(Dataset records)
=====

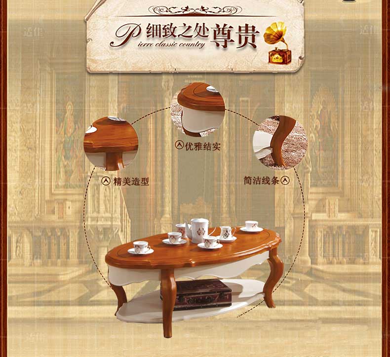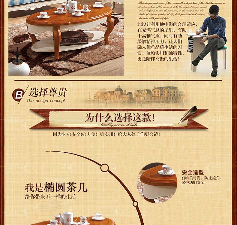 雅庭罗兰新款地中海茶几咖啡桌时尚圆茶桌DZH-89919椭圆茶几
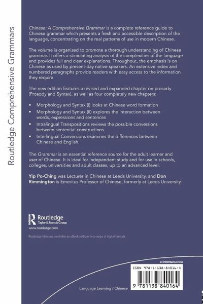 Chinese: A Comprehensive Grammar is a complete reference guide to Chinese grammar which presents a fresh and accessible description of the language, concentrating on the real patterns of use in modern Chinese.
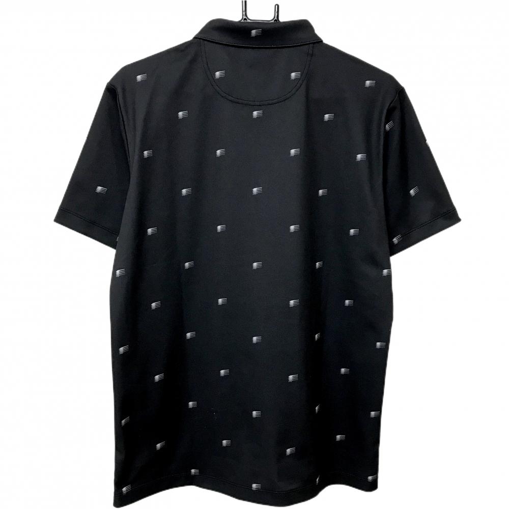 【美品】プーマ 半袖ポロシャツ 黒×白 総柄 ボタンダウン ゴールドロゴ メンズ L ゴルフウェア PUMA
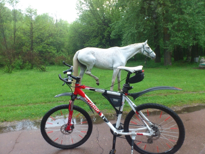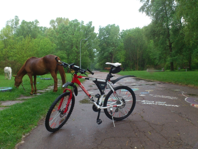 Итак сегодня идет почти целый день идет время от времени дождик, но это было не помехой мигом проскочить на гараж - там позаниматься делами, выпить бутылочку вкусного пивка на свежем воздухе. И насладиться можно таки сказать отсутствием людей в городском парке, а также на пляже. По дороге на пляж были замечены несколько четырехногих, которые были1 запечатлены на фоне двухколесного.
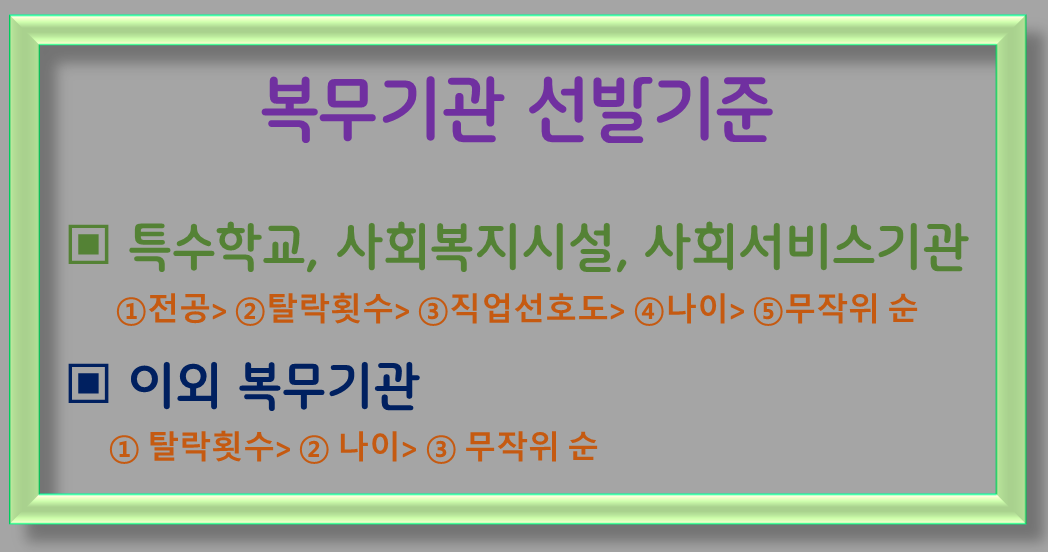 특수학교 및 사회복지시설의 경우 전공, 탈락횟수, 직업선호도, 나이, 무작위 순으로 선발됩니다.
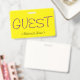 Este design moderno apresenta a mensagem "CONVIDADO" e um nome personalizável da empresa ou outra mensagem personalizada. Um crachá como este poderia ser usado para indicar que um visitante ou convidado no local de trabalho pode estar lá. [~Z0000307]

=====

[Task statement]:
From the first line of the entries down to the line with "L ゴルフウェア PUMA", print each line exactly; omit any picture.

[Answer section]:
 雅庭罗兰新款地中海茶几咖啡桌时尚圆茶桌DZH-89919椭圆茶几
 Chinese: A Comprehensive Grammar is a complete reference guide to Chinese grammar which presents a fresh and accessible description of the language, concentrating on the real patterns of use in modern Chinese.
 【美品】プーマ 半袖ポロシャツ 黒×白 総柄 ボタンダウン ゴールドロゴ メンズ L ゴルフウェア PUMA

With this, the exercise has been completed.